EACVI survey on evaluation and quantification of aortic regurgitation by multi-modality imaging
- PMID: 40584918
- PMCID: PMC12204183
- DOI: 10.1093/ehjimp/qyaf058
EACVI survey on evaluation and quantification of aortic regurgitation by multi-modality imaging
Abstract
Aims: To investigate the real-world, current clinical practice of the assessment and management of aortic regurgitation (AR).

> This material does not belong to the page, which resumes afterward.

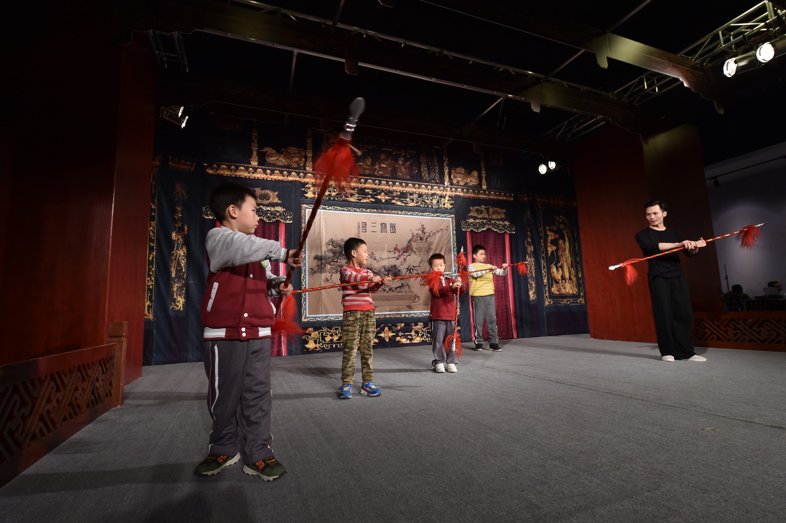 下午一点半,节目开始,广东粤剧院的专业演员为小朋友们带来了《十五贯之“访鼠”》、《贵妃醉酒》和《帝女花之“香夭”》等在粤剧折子戏,期间还穿插请小朋友上台互动,学学耍水袖和把子功。活动结束了,孩子们还依依不舍不肯走,还要再次敲敲战鼓,玩玩刀枪。有学生家长说,这个粤剧文化体验馆则重的体验模式,打破了剧场的隔阂,让孩子们看得见摸得着,近距离体验了解粤剧文化,比起在坐在剧场看戏亲切多了,容易引起他们的兴趣。广东粤剧院党委书记、副院长曾小敏参与了今天的活动,她表示,孩子对传统文化的认知是需要引导的,通过这种体验粤剧的方式,可以培养孩子们对粤剧的兴趣,让粤剧在小朋友心中种下一颗种子,从而提升他们的文化自信。 “粤剧文化体验馆”是公益性场馆,暂定每周六下午两点向公众开放。“粤剧文化体验馆”主要功能是粤剧文化的体验,以展演、互动体验为主,兼备娱乐性、观赏性、知识性和趣味性,适合不同年龄段的观众参观体验,在展览方面,则以现代多媒体技术与粤剧传统艺术元素相结合,展示粤剧的基础知识、广东粤剧院发展历程以及珍贵的粤剧历史文物。体验馆可容纳100名观众,正中有个古色古香的仿古戏台,可以进行演出;舞台的左侧是开放式的化妆间,可以零距离了解演员化妆过程;舞台的右侧是开放式的乐队“棚面”让观众对粤剧乐队的配置和伴奏一目了然;现场左边有三个分别是“花园”、“皇宫”和“沙场”的微缩舞台场景,这是广东粤剧院舞美设计师全手工、按比例制作的,场景上面有凳子,有龙椅,还有刀枪剑戟等道具可以亲自体验;右边是粤剧基础知识和广东粤剧院发展史的展览区,内容很丰富,展柜里还有一些非常珍贵的粤剧历史文物,例如首任广东粤剧院院长马师曾的“院长任命书”原件,马师曾1962年写给时任广东省委书记陶铸的亲笔信等等,这些史料都是第一次向公众展示。 <span font-size:14px;background-color:#ffffff;"="" style="color: rgb(51, 51, 51);">广东粤剧院副院长陈奔说:“我们设立这个体验馆的初衷,是为了让参观者对粤剧有一个直接体验的场所,也就是要在‘体验’两个字上做文章,这也是我们广东粤剧院的强项,现在的‘博物馆’都是以参观为主的,我们的体验馆可以填补这方面的空白。

Methods and results: An electronic survey was distributed to cardiovascular imaging specialists by the European Society Association of Cardiovascular Imaging Scientific Initiatives Committee. Three hundred respondents from 66 countries completed the survey. In patients where initial qualitative evaluation suggested moderate AR, regurgitation severity was further characterized using vena contracta in 83%, pressure half-time in 70%, jet width/outflow tract diameter in 59%, regurgitant volume/effective orifice area 57% and three-dimensional vena contract in 20% of respondents. Cardiac magnetic resonance (CMR) was used by 72% of respondents when transthoracic echocardiographic (TTE) image quality was poor and 74% of respondents when there was discordance between Doppler findings and ventricular assessments. CMR 4-dimensional flow was performed by 19% of respondents. Left ventricular (LV) diameters were measured at the mitral valve level by 52% and at the mid LV by 43% of respondents. LV volumes were measured using TTE by 70%, with CMR by 40% and with CT by 2% of respondents.
Conclusion: There is heterogeneity in the echocardiographic methods used to quantify AR. The vena-contracta is the most commonly used for assessment of AR severity with relative underutilisation of quantitative methods. CMR is widely used to assess AR severity when echocardiographic assessments are uncertain. There is variation in the anatomical location to measure LV dilatation and variable use of LV volumes which may impact decision making for intervention.
Keywords: aortic regurgitation; cardiac magnetic resonance; echocardiography; left ventricle; quantification; remodelling.
© The European Society of Cardiology 2025.
Conflict of interest statement
Conflict of interest: All authors have reported that they have no relationships relevant to the contents of this paper to disclose.